The algorithm is the brainchild of Irving Reed and Gustave Solomon, both engineers at MIT's Lincoln Labs. Its public introduction was through the 1960 paper "Polynomial Codes over Certain Finite Fields." Interestingly enough, that paper did not provide an efficient way to decode the error codes presented. A better decoding scheme was developed in 1969 by Elwyn Berklekamp and James Massey.

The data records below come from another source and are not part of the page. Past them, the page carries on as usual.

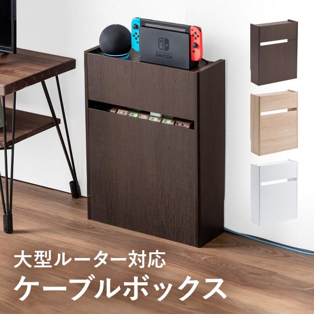 ルーター収納ボックス ケーブルボックス 幅40cm 高さ52.4cm 充電ステーション 大型ルーター Wi-Fi モデム 扉付き 木製 2段 ダークブラウン ライトブラウン ホワイト[200-CB061]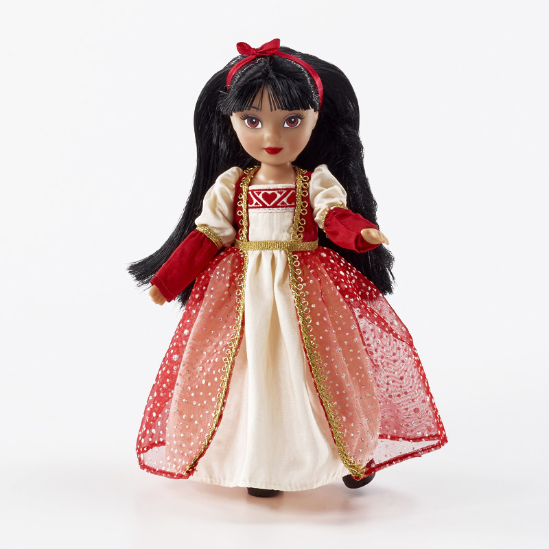 Doll is dressed in a ivory gown with a dotted red organdy over skirt, with gold trim. She has a red ribbon in her long black hair.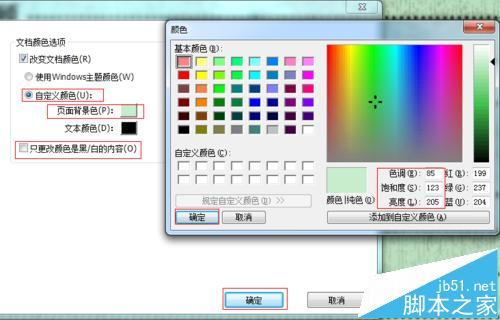 3、选择 '自定义颜色'->'页面背景颜色'->修改色调 85,饱和度 123, 亮度205 ->->不勾选'只更改颜色是黑白的内容'选项->确定保存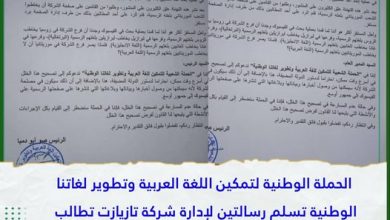 [ad_1] سلمت الحملة الشعبية للتمكين للغة العربية وتطوير لغاتنا الوطنية اليوم الاثنين 21 فبراير 2022 رسالتين لإدارة شركة تازيازت تطالب…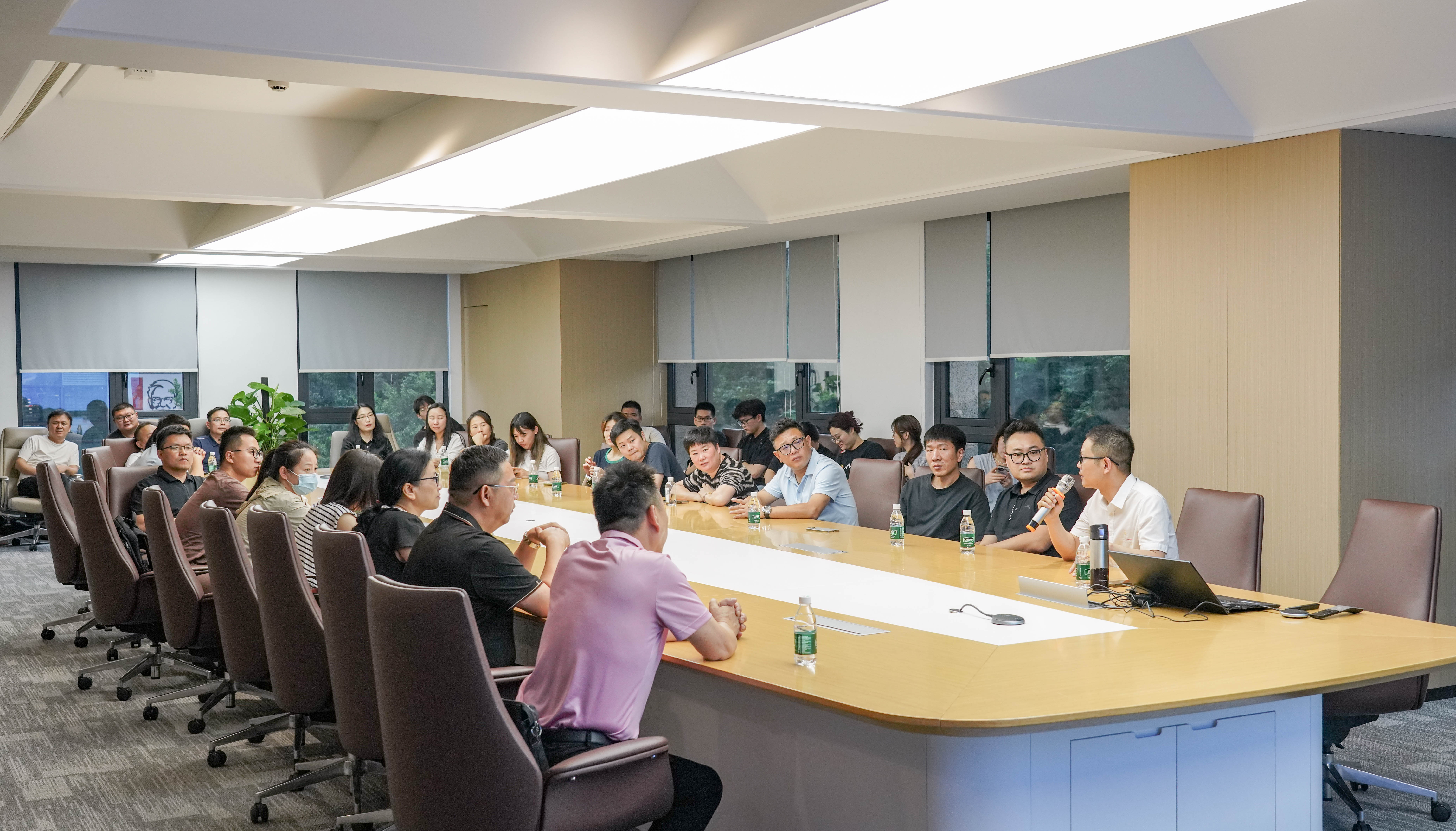 參訪團一行首先參觀了企業文化展廳和產品展示中心。孟祥龍總經理詳細介紹了集團的發展歷程、業務生態,直觀展示了各類產品的工藝細節與創新設計。參觀結束后,吳金財經理就集團在跨境電商供應鏈體系建設和數字化服務方面的優勢進行了簡要介紹。與往屆活動不同,本次交流會特別延長了自由對接環節,為企業提供了更充分的溝通機會,現場氣氛熱烈,成果顯著。來自集團優越東吳、綠時、倍優、優遠等多家公司的業務骨干們與企業代表們自發形成多個討論小組,圍繞近期熱點話題展開深入交流。

Reed-Solomon belongs to a family of error-correction algorithms known as BCH. BCH algorithms use finite fields to process message data. They use polynomial structures, called "syndromes," to detect errors in the encoded data. They add check symbols to the data block, from which they can determine the presence of errors and compute the correct valuse. BCH algorithms offer precise, customizable control over the number of check symbols. They have simplified code structures, making them attractive for hardware implementations.

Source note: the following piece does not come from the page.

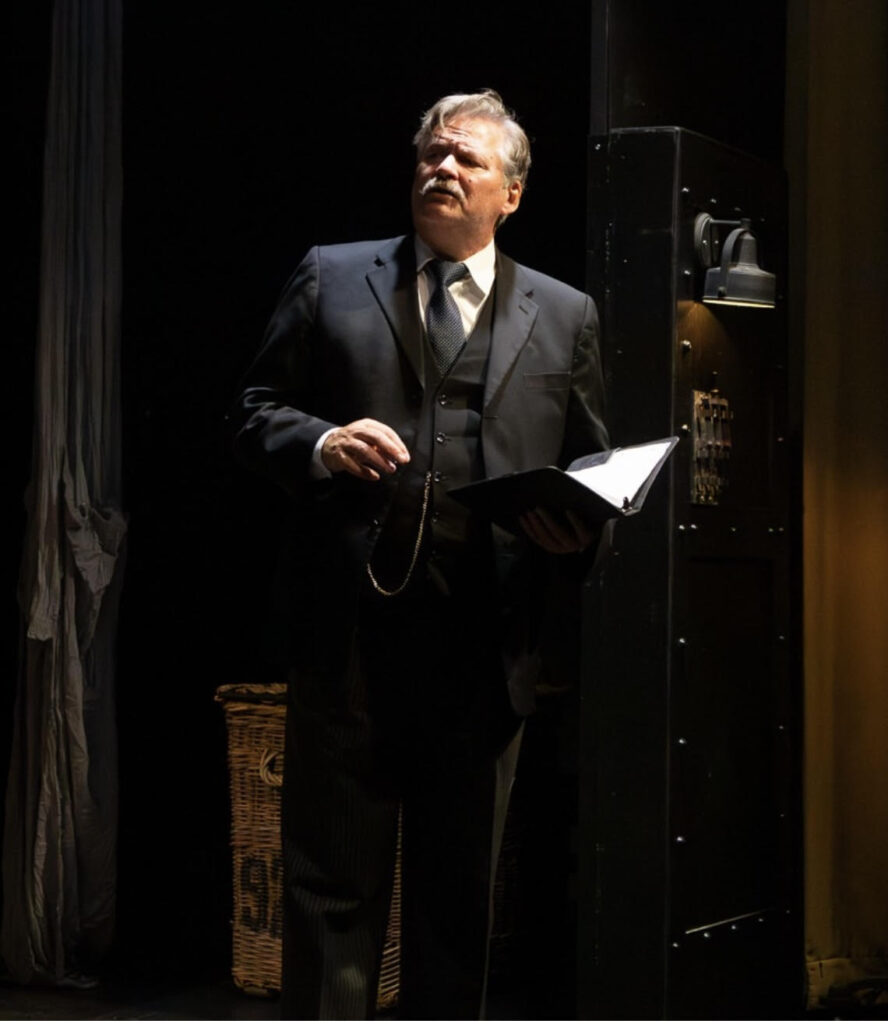 Matching Hohl’s experience stride for stride is Lowell as Arthur Kipps. Lowell is new to this production and his excellent elocution and enunciation are unequaled. Every word is perfectly projected and crystal clear. His Kipps is believable, sympathetic, and quietly haunted. The slow burn of trauma, of a man who, like the audience, thought he was safe but quickly realises he isn’t, is grounded in Lowell’s carefully controlled performance. He doesn’t race into horror; he lives in it.

Reed-Solomon is also a linear algorithm because it processes message data as discrete blocks. And it is a polynomial algorithm because of its use of modular polynomials in the encoding and decoding processes.
But Reed-Solomon is not without its issues. It performs poorly with large message blocks. Doubling the block size quadruples the time it takes to encode or decode the message data. You can minimize this limitation by maintaining small and uniform blocks. Reed-Solomon also relies heavily on modular operations: And modular operations, especially multiplication, consume more clock cycles than non-modular ones.
The Mathematics of Reed-Solomon
As stated, Reed-Solomon uses a finite field in its encoding and decoding processes. A finite (or Galois) field is a square matrix, whose elements are the possible bytes values for both message and error data. Its size (2
m) is always a power of two, with
m being a prime number. It is also commutative. Combining two of its elements with a primitive modular operator (addition, subtraction, and so on) will return another element.
Figure 1 shows a simple finite field, size
4 (m = 2). Notice its largest element is
3 (0b11), which is less than the matrix size. If you take two field elements (
0b11) and add them, you get
0b00, which is also a field element.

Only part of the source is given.